Does Model Size Matter?
Why Small Language Models Are the Future of Requirements Engineering

The Requirements Engineering (RE) community is at a crossroads

For years, the promise of automated requirements classification—the critical task of categorising requirements as functional, non-functional, security-related, and so on—has been tantalisingly close, driven by advances in Natural Language Processing (NLP). The recent explosion of Large Language Models (LLMs) like GPT-5, Grok-4, and Claude-4 seemed to be the final piece of the puzzle, delivering state-of-the-art performance in text understanding and classification.

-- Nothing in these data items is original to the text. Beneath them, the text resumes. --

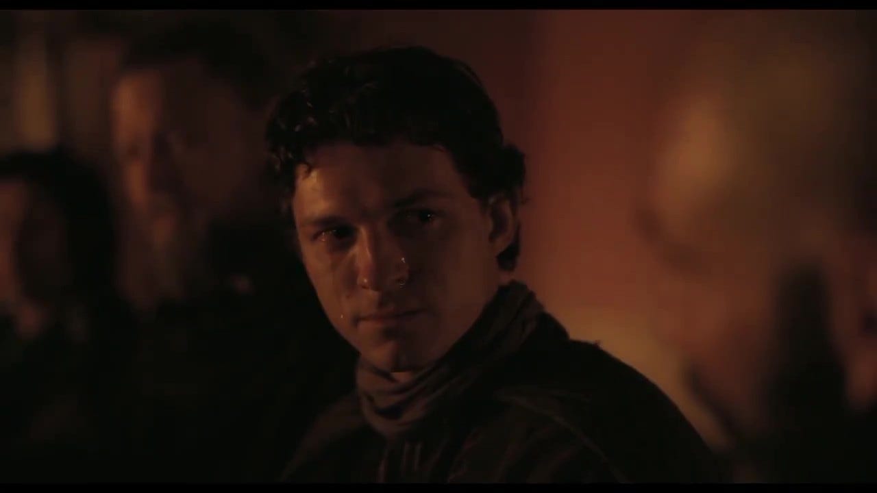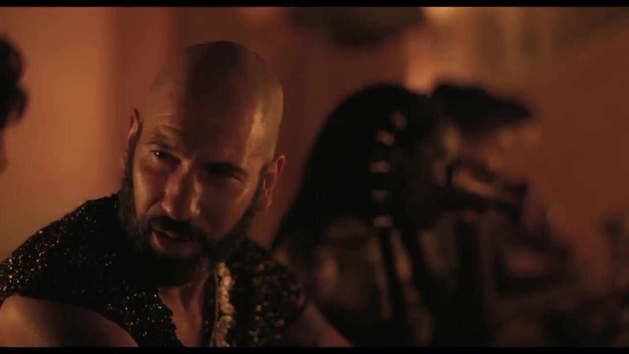 Două capturi de ecran din teaser-ul care rulează în cinematografe pentru filmul „The Oddysey” al lui Christopher Nolan. Aici Jon Bernthal (Regele Nestor) și Tom Holland (Telemachus, fiul lui Ulise și al Penelopei).
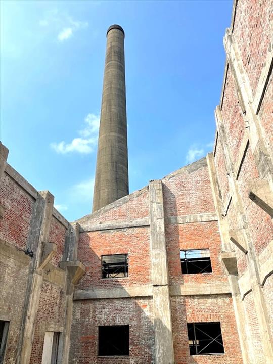 全台現存規模最大二戰軍工遺跡 六燃大煙囪廠房一期修復完工,重現廠房巨型柱、長煙道
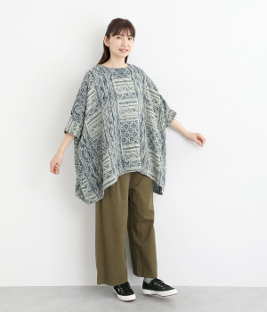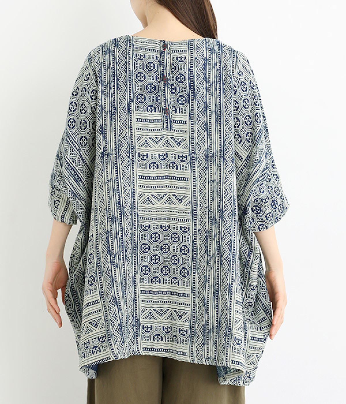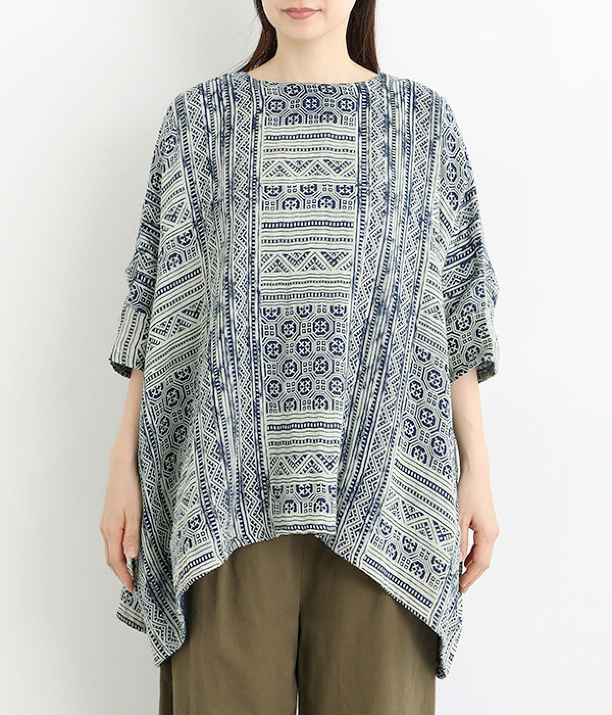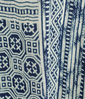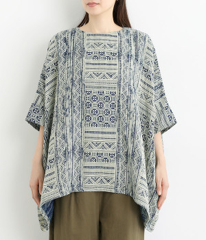 ふっくらやわらかなコットンダブルガーゼ仕立て。東南アジア山岳地域に居住する、モン族伝統の藍染プリントを施しました。染めの濃淡や滲みが、味わい深い表情を見せます。

Yet, for the software industry, this reliance on colossal, proprietary models presents a host of intractable problems. The sheer computational cost of running trillion-parameter models is prohibitive for many organisations. More critically, the typical cloud-hosted, closed-source nature of these LLMs introduces significant data-sharing risks. Company requirements are often highly confidential assets, and sending them to an external, proprietary service is a non-starter for security-conscious firms. This dependency compromises privacy, security, and reproducibility, limiting the ability of researchers and practitioners to adapt models to their specific, sensitive needs.


The Rise of the Underdogs: Small Language Models (SLMs)

Enter the Small Language Models (SLMs). These open-source alternatives, typically ranging from 7 to 8 billion parameters (e.g., Llama-3-8B, Qwen2-7B, Falcon-7B), offer a compelling solution. They are lightweight, locally deployable on private machines or servers, and enable the secure, cost-effective processing of sensitive data. Furthermore, their local execution significantly reduces operational costs and offers substantial benefits in terms of energy consumption and customisation.

The central question, however, has remained: Can these minnows truly compete with the titans? Do the advantages of privacy and resource efficiency come at an unacceptable cost to accuracy?

Our recent preliminary study, detailed in the paper "Does Model Size Matter? A Comparison of Small and Large Language Models for Requirements Classification" [1], set out to answer this question through a systematic, head-to-head comparison. The results are a game-changer for the future of automated RE.


Pitting Titans Against Minnows: The Study Design

To ensure a fair and rigorous comparison, we evaluated eight language models:

  • Three LLMs (Titans): GPT-5, xAI Grok-4, and Claude-4 (estimated at 1-2 trillion parameters). These were accessed via commercial APIs.
  • Five SLMs (Minnows): Qwen2-7B-Instruct, Falcon-7B-Instruct, Granite-3.2-8B-Instruct, Ministral-8B-Instruct-2410, and Meta-Llama-3-8B-Instruct (ranging from 7B to 8B parameters). These were executed locally on a high-performance Linux server.

The size difference is staggering: the LLMs are 100 to 300 times larger than their SLM counterparts.

All models were tested on three public, well-established requirements classification datasets:

  1. PROMISE [3]: Binary classification of Functional Requirements (FR) vs. Non-Functional Requirements (NFR).
  2. PROMISE Reclass [4]: A re-classification of PROMISE with two binary subtasks (FR vs. NFR and QR vs. Non-QR).
  3. SecReq [10]: Binary classification of Security-related (Sec) vs. Non-Security (NSec) requirements.

To maximise performance and ensure a robust evaluation, we employed a sophisticated Chain-of-Thought (CoT) plus Few-Shot prompting strategy, which has been shown to be highly effective in prior work [16].


The Shocking Results: A Statistical Tie

The descriptive statistics initially showed a slight edge for the LLMs, which achieved an average F1 score of 2% higher than the SLMs across all datasets. For instance, the top-performing LLM, Claude-4, consistently led with F1 scores of 0.81 (PROMISE), 0.80 (PROMISE Reclass), and 0.89 (SecReq). The best SLM, Llama-3-8B, was close behind, achieving scores of 0.76, 0.78, and 0.88 on the same tasks, respectively [2].

However, a deeper dive into the statistical analysis revealed the true story. Using the Scheirer-Ray-Hare test, a non-parametric equivalent of two-way ANOVA, we tested the null hypothesis that model type (SLM vs. LLM) has no effect on performance.

The finding was definitive: the performance difference between SLMs and LLMs is NOT statistically significant (p = 0.296) [1].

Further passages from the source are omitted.